Streaming & CDC: Syncing Data

[!NOTE] This module explores the core principles of Streaming & CDC: Syncing Data, deriving solutions from first principles and hardware constraints to build world-class, production-ready expertise.

1. The Sync Problem

Your source of truth is Postgres (orders table). Your search engine is Elasticsearch (orders index). How do you keep them in sync?

  1. Dual Writes: App writes to DB, then to ES.
    • Problem: Race conditions. What if DB succeeds but ES fails? Data mismatch.
  2. Batch ETL: Run a script every hour.
    • Problem: Data is stale for 59 minutes.
  3. CDC (Change Data Capture): The Gold Standard.
    • Listen to the Postgres Write-Ahead Log (WAL).
    • Stream every change (INSERT, UPDATE, DELETE) to Kafka.
    • Sink Kafka to Elasticsearch.

2. The Architecture: Debezium + Kafka

Postgres (WAL) → Debezium Connector → Kafka Topic → Elasticsearch Sink → Index

  • Near Real-Time: ~500ms lag.
  • Resilient: If ES is down, Kafka buffers the messages. No data loss.
  • Ordering: Kafka guarantees order for the same ID (Partition Key).
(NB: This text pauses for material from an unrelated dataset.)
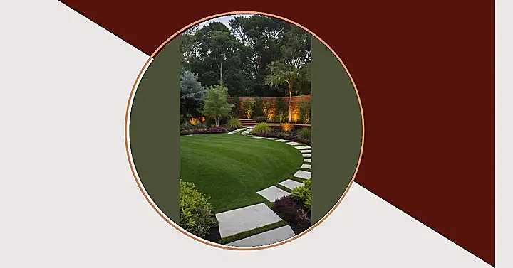 Take a look at this front yard – it’s basically showing off how to be effortlessly cool without looking like you tried too hard. That winding stone path isn’t just a walkway; it’s a golden brick road leading to adventure (or at least your front door), all lit up like a movie premiere. The whole vibe screams “minimalist,” meaning everything has its place, and there aren’t any rogue bushes trying to attack you. It’s got enough green and just a few pops of colorful flowers to make it welcoming, but not so much that you’d need a survival kit to find your way through.

3. Interactive: CDC Pipeline

Visualize the flow of an UPDATE command.

Postgres
Kafka
Elasticsearch
DB State: name='Alice'
ES State: name='Alice'

4. Hardware Reality: Version Conflicts

CDC systems are asynchronous. In rare cases (network partition + retry), you might receive an OLD update after a NEW update. Solution: Use External Versioning (version_type=external).

  • Send the Postgres LSN (Log Sequence Number) or Timestamp as the version.
  • Elasticsearch will reject any write where New Version < Current Version.